Termine di origine greca: distrazione della mente, uscita da sé. Indica,
nel suo significato più generale, uno stato d'isolamento e d'evasione,
proprio di chi è assorbito da un'idea o da un'emozione particolare. Vari
sono gli stati che possono essere definiti come
e., e comprendono la
meditazione del filosofo, l'esperienza mistica, lo stato delirante di un
ammalato mentale. Come stato psichico morboso l'
e. consiste nella
sospensione assoluta di ogni attività mentale e nel totale distacco dalle
cose circostanti. Uno stato analogo si può però attuare anche in
soggetti sani, dotati di eccezionale immaginazione rappresentativa. Come
esperienza mistico-religiosa l'
e. si ritrova sin dai culti più
primitivi e spesso è parte di primaria importanza nei riti d'iniziazione.

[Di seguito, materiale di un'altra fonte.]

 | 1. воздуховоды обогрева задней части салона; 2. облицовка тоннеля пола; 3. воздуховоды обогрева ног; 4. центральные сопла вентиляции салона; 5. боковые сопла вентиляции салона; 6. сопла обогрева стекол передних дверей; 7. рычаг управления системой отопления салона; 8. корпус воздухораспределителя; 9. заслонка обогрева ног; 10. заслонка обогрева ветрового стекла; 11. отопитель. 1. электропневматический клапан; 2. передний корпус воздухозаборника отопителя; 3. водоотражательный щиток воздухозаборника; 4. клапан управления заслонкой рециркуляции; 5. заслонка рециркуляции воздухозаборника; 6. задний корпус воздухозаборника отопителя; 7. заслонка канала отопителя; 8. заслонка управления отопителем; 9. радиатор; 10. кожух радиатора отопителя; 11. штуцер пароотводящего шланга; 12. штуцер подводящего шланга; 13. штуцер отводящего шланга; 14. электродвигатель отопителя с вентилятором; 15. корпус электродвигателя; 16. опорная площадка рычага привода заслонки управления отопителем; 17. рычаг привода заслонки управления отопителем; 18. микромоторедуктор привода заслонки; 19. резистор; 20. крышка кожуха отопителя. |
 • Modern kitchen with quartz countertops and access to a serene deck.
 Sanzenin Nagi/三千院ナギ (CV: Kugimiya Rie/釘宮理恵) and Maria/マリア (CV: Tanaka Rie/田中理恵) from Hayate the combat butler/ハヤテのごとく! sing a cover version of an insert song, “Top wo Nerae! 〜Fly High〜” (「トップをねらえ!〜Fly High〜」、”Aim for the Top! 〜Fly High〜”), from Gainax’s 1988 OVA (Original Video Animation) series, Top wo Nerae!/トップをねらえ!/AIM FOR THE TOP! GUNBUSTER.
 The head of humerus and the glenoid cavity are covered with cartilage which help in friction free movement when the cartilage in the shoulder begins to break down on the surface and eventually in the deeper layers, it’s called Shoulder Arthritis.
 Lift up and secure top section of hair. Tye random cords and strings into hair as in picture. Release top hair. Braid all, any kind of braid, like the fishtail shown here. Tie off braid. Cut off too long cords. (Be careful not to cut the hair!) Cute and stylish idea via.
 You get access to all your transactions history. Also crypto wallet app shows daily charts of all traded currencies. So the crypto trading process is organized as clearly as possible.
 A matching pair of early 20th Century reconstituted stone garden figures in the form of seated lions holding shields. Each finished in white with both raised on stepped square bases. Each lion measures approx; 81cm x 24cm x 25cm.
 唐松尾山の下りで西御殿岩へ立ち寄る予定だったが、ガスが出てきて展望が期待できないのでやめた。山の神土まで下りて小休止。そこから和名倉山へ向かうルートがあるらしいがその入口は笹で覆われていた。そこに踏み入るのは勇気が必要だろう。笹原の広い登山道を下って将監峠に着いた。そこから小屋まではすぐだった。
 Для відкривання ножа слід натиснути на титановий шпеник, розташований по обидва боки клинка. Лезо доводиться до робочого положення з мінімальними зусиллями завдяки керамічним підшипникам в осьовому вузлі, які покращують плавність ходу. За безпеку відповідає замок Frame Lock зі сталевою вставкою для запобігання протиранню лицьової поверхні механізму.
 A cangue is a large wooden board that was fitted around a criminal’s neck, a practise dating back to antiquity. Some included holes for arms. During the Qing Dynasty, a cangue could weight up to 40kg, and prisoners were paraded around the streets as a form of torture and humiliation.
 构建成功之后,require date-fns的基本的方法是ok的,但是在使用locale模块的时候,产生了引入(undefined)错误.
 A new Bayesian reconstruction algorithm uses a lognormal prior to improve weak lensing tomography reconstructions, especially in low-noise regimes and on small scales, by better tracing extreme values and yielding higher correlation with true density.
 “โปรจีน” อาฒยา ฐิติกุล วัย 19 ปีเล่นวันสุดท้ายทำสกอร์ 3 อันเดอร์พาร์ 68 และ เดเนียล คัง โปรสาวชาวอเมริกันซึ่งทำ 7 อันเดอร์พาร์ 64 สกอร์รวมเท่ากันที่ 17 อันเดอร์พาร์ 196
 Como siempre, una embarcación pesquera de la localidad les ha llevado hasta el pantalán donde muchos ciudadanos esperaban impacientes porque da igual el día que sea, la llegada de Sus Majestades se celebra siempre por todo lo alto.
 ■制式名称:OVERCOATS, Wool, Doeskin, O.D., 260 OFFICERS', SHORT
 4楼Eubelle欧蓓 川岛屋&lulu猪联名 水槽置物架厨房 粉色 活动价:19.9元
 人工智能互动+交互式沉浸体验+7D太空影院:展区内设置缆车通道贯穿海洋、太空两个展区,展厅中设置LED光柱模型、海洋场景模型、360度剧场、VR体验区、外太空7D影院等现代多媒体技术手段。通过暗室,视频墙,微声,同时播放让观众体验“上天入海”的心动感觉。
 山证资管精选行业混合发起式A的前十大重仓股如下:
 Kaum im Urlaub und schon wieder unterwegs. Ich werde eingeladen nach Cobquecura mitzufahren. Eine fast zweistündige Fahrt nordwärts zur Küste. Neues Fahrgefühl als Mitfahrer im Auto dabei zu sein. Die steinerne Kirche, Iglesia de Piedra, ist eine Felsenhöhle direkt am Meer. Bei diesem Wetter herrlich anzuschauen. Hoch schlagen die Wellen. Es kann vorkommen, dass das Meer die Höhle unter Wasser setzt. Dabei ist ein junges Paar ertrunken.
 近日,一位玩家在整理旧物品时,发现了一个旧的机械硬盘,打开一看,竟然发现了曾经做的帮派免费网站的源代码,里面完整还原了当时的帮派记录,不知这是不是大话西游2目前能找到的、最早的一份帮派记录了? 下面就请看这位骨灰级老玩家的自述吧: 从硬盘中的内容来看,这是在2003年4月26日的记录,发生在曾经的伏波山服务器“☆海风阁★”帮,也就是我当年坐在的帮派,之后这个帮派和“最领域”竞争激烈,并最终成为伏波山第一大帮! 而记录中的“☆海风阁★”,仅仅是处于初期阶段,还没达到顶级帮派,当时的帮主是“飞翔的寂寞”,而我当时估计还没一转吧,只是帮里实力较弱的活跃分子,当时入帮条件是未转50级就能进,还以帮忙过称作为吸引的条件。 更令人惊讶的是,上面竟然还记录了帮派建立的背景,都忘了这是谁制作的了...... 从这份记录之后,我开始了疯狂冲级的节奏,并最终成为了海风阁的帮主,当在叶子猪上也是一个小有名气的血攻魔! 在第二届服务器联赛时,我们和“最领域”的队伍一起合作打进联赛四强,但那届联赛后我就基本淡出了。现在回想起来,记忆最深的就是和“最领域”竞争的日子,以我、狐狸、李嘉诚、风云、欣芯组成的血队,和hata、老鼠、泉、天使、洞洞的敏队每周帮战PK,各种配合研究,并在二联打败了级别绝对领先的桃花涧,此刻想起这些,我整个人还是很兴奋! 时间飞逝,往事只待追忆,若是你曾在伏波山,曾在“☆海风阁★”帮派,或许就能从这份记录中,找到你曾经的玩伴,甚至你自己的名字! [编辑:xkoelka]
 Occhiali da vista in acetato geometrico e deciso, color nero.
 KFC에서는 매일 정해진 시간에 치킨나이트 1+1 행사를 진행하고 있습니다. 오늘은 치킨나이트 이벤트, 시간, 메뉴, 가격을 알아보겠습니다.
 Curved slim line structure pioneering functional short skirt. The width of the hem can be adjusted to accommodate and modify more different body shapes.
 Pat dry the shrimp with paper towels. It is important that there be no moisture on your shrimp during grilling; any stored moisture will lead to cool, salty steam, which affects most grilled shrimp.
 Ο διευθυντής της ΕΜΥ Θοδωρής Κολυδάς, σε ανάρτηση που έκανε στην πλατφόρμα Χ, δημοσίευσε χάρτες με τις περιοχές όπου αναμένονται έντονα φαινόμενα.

Nella filosofia greca classica, l'
e. è intesa come uno stato in
cui lo spirito, tutto teso alla contemplazione, sembra immolarsi al di là
della materia. Il pensiero cristiano pone l'
e. alla sommità
dell'esperienza mistica. Il neoplatonico Plotino, nel cui pensiero confluiscono
le grandi esperienze della filosofia occidentale e orientale, considera
l'
e. come l'esperienza più alta dell'anima. Nell'
e. l'anima
perde la propria individualità e ritrova l'unità con se stessa
perché si è ricongiunta con l'Uno. In tal modo, l'anima, che di
per sé non è divina, si fa divina. L'
e. mistica viene
considerata come il vertice dell'elevazione dell'uomo verso Dio da vari padri
della Chiesa. Ma è soprattutto nel misticismo medioevale che l'
e.
viene esaltata come massimo grado dell'esperienza contemplativa. Così
Bernardo di Chiaravalle (1091-1153), avversario del razionalismo, nega ogni
valore alla conoscenza razionale considerandola "turpe curiosità" ed
esalta la pratica della fede vissuta come esperienza mistica. La via mistica
presenta tre gradi: 1) riconoscimento della propria miseria; 2) compatimento
della miseria altrui; 3) purificazione dell'anima per renderla degna di
contemplare Dio. Il vertice supremo della contemplazione è dato
dall'
e. che, mediante l'amore, avvicina l'anima a Dio. San Bonaventura
(1221-1274) considera l'
e. come il superamento di ogni situazione
intellettuale, definendola come una condizione d'"ignoranza dotta", in cui
l'uomo, partecipando alla vita di Dio, riesce a conoscerne l'essenza.